Sarvam Co-founder Pratyush Kumar said the company’s 105-billion-parameter model performs well on most benchmarks. He explained that although it is only about one-sixth the size of the 600-billion-parameter DeepSeek R1 model released last year, it was trained from scratch and delivers similar competitive intelligence.
He added that the model is also cheaper than Google’s Gemini Flash while outperforming it on several benchmarks.
At the event, Sarvam also showcased its chatbot Vikram, which demonstrated conversations in multiple Indian languages. The name honours Indian physicist Vikram Sarabhai.
The models support all 22 scheduled Indian languages and are optimised for voice-first interactions. The 30B model is pre-trained on 16 trillion tokens and is aimed at long conversations and agentic workflows, while the larger model uses a mixture-of-experts architecture to reduce costs.
Gnani.ai unveils voice cloning AI system
Bengaluru-based startup Gnani.ai launched Vachana TTS, a text-to-speech system capable of cloning voices and generating speech in 12 Indian languages.
The system can recreate a person’s voice using less than 10 seconds of recorded audio while preserving tone, pitch and speaking style. It also allows the same voice to speak across multiple languages without losing identity.
The company said the model achieves a Mean Opinion Score of 4.23 and a character error rate below 0.6 per cent. Built for low-bandwidth environments, the model is targeted at government services, customer support systems and large-scale enterprise deployments, with all data hosted within India.
BharatGen launches 17B multilingual foundation model
India’s sovereign AI initiative BharatGen announced the launch of Param2, a 17-billion-parameter multilingual mixture-of-experts foundational model.
The system is designed to support multiple Indic languages and reflects India’s linguistic and cultural diversity. It is intended for use in governance, education, healthcare, agriculture and enterprise applications.
The model was built in collaboration with Nvidia using its AI software stack and infrastructure to ensure scalability and performance.
ALSO READ | Gnani.ai expands Inya VoiceOS capabilities with two new speech models
India AI Summit: Why these launches matter
The unveiling of these models signals a major shift in India’s AI strategy.
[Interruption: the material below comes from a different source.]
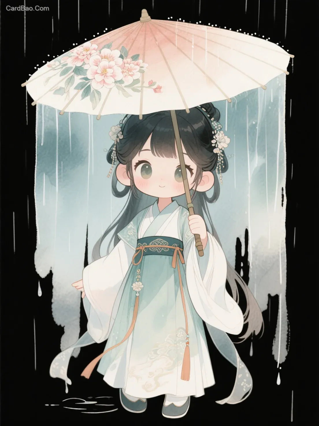 花伞,雨帘从伞下垂下来,古风,光影,动漫,二次元,Q版,水彩水墨,人设,无背景,弥散渐变,精细,精致,高质量,立绘,层次感,朦胧,可爱,全身

The focus is shifting toward AI sovereignty, with an emphasis on local control over data computing power, and core AI capabilities.
The launches signal a strong push for an India-first design approach, with models being trained for Indian languages and real-world local conditions. Efforts are also being made to ensure mass accessibility, as voice-first AI could help expand usage among non-English speakers.